On Thursday, I had the pleasure of reporting from the 83rd Ohio FFA Convention in Columbus.

It was a long day; I left my home in Wooster at 7 a.m. and didn’t get home until after 10 p.m.

But it was a good day — time well spent with members and advisers of an organization that continues to do great things.

Own experience

I wore the blue and gold jacket myself from 1998 to 2002, and the highlight was always state and national convention.

In high school, I got the rare opportunity to attend national convention as a freshman, which also was the last year it was held in Kansas City, Mo. It would become one of my best high school experiences. A group of us loaded vans and headed west — the furthest I had ever been.

We stopped at places like the Gateway Arch at St. Louis, the offices of the National FFA in Indiana, and several museums and historical places. As we got closer to Kansas City, it seemed like FFA members were everywhere — at gas stations, restaurants and in the vehicles beside us on the interstate. I had no idea there would be tens of thousands of us at the convention, and I was amazed to see so many blue and gold jackets.

And when the convention actually got underway, it was almost shocking, at least to a freshman. We were in a large arena, and everywhere I looked were thousands of FFA members — more than 40,000 from every state in the nation.

The thing I remember most was the pride of the members who received the American FFA Degree — the highest honor the program bestows. I wasn’t exactly sure what it was, or what it meant, but the ceremony and the recognition looked so nice, I decided I’d try to earn one myself. Five years later I did just that, and I found myself on the stage in front of thousands, receiving the top honor.

Impressive crowd

The state convention is much smaller — usually topping 6,000 total. But it’s still an impressive gathering of young people who come to celebrate their accomplishments in agriculture, and prepare the next generation of agriculturists.

The FFA has a legendary history, dating back to 1928. Many of its basic symbols like the jacket and the creed have been with the program all along. Its members study its history, memorizing important dates and achievements. And they learn to memorize and recite the creed — a well-crafted statement about advancing the future of American agriculture.

Nationally, FFA has more than a half-million members. They come from all 50 states and Puerto Rico.

A great cause

Their numbers are impressive, and their mission is noble: “Making a positive difference in the lives of students by developing their potential for premier leadership, personal growth and career success through agricultural education.”

And their motto is sound: “Learning to Do, Doing to Learn, Earning to Live, Living to Serve.”

These things clearly were on the minds of the members of the 83rd Ohio convention, as they received hundreds of different awards for their hard work throughout the year. Whether it’s public speaking, job interviewing, livestock judging, raising some crops or anything in-between — this is a group of people that gets it done.

When I was in Washington, D.C. a few weeks ago, several of the legislators said agriculture will be key in leading us out of the recession and into a better day. I think the best is ahead of us, and it will come from people like those in the FFA.

Good attributes

The skills these students learn are practical, common sense-based and useful for day-to-day living. They study such things as record keeping, business plans, assets and liabilities and financial independence.

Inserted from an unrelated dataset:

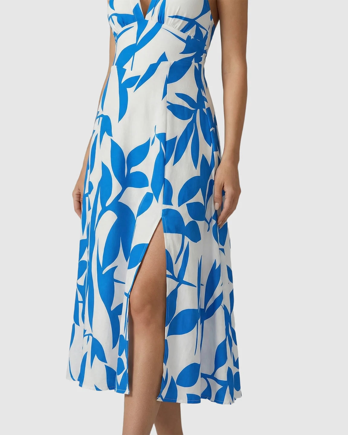 This Halter Neck Midi Dress flows beautifully over your bump with a high-waisted A-line skirt and side slit design for easy movement. The sleeveless style and deep V-neck keep you breezy and flattering.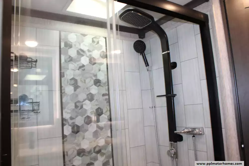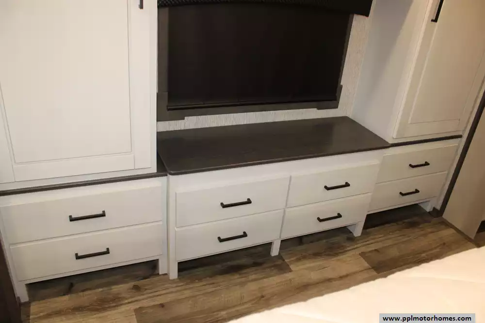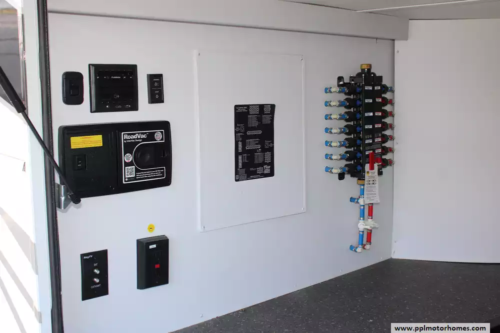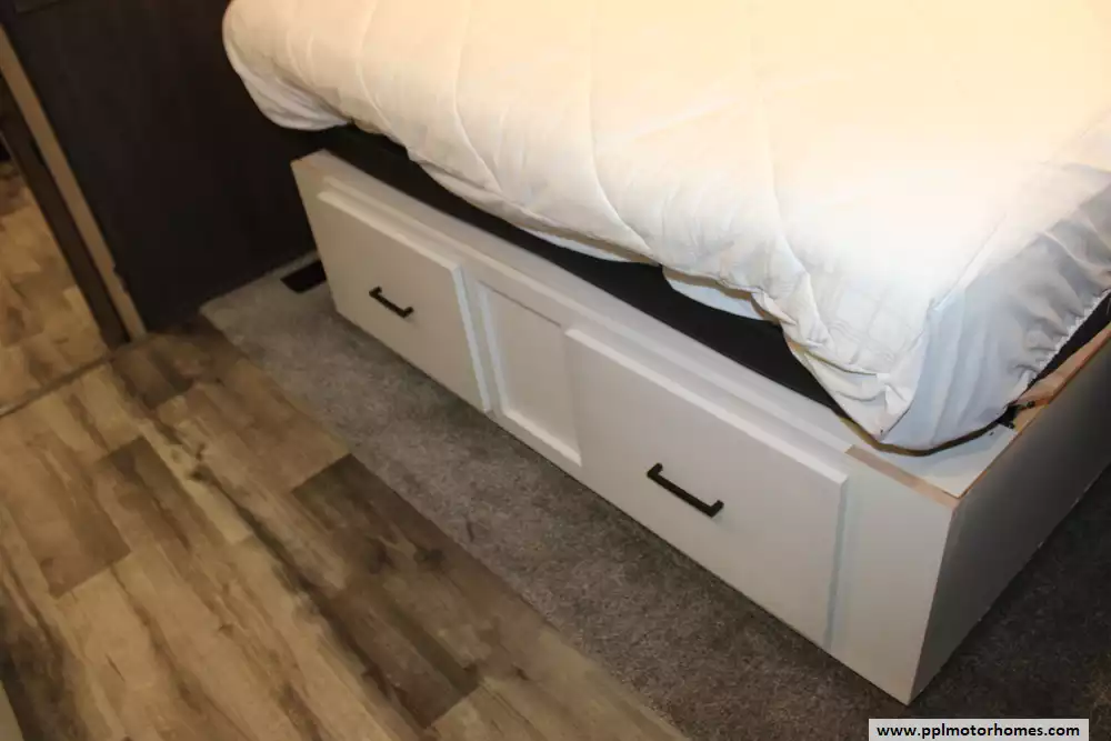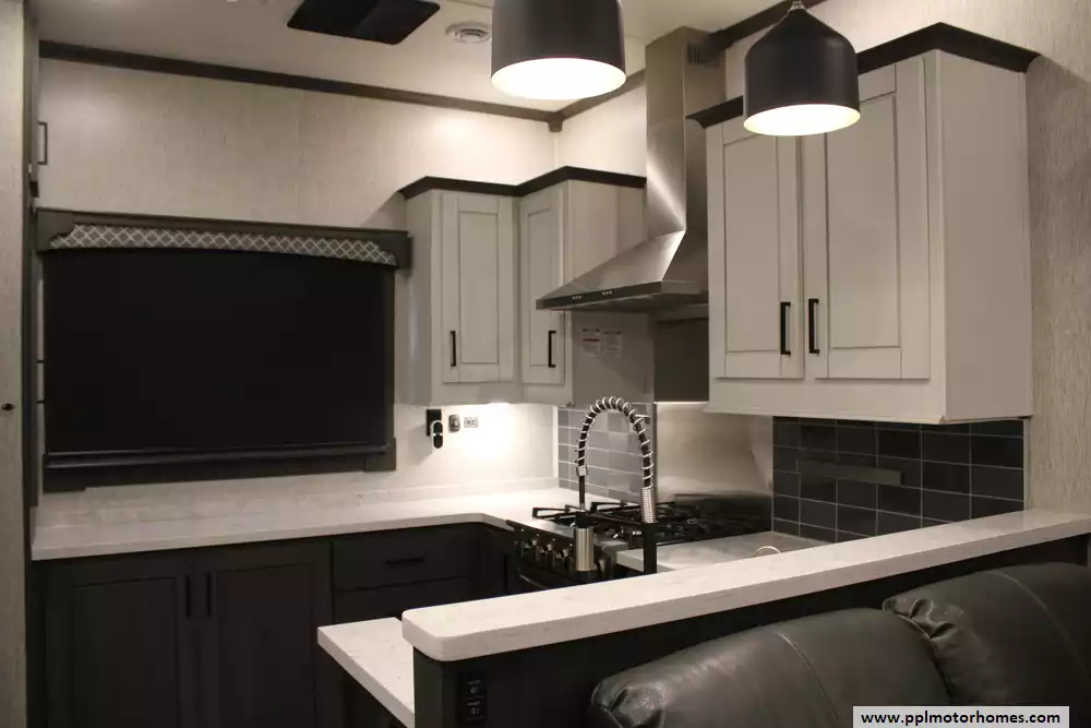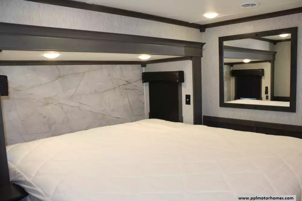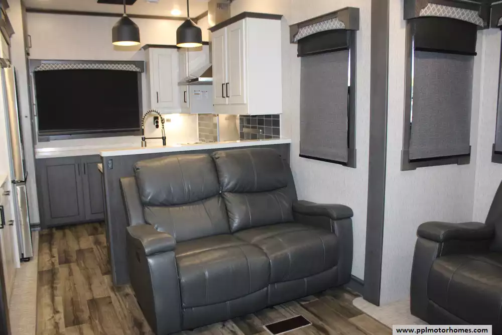 Specs: Length: 42.10 ft., Width: 8 ft., Height: 13.6 ft., Payload Capacity: 2,534 lbs., Total Fresh Water Tank Capacity: 66 gal., Total Gray Water Tank Capacity: 82 gal., Total Black Water Tank Capacity: 89 gal., Number of Propane Tanks: 2, Total Propane Tank Capacity: 30 lbs.

They know how to fix a tractor and stack hay, and they know hay from straw, and oats from wheat. Some of them continue on to college — completing two- or four-year degrees. And others return to the farm directly from the program.

But they all gain skills and talents that will serve them for a lifetime.

I can’t say enough good about FFA — not without turning this blog into a book. But it’s encouraging to observe the success of this program and what its members have done in 83 years.

A program that focuses on learning and doing, taking care of the land and the environment and serving other people is an asset to everyone. And FFA is certainly that.

Chris Kick lives in Wooster, Ohio. An American FFA Degree recipient, he holds a bachelor’s in creative writing from Ashland University. He spends his free time on his grandparents’ farms in Wayne and Holmes counties.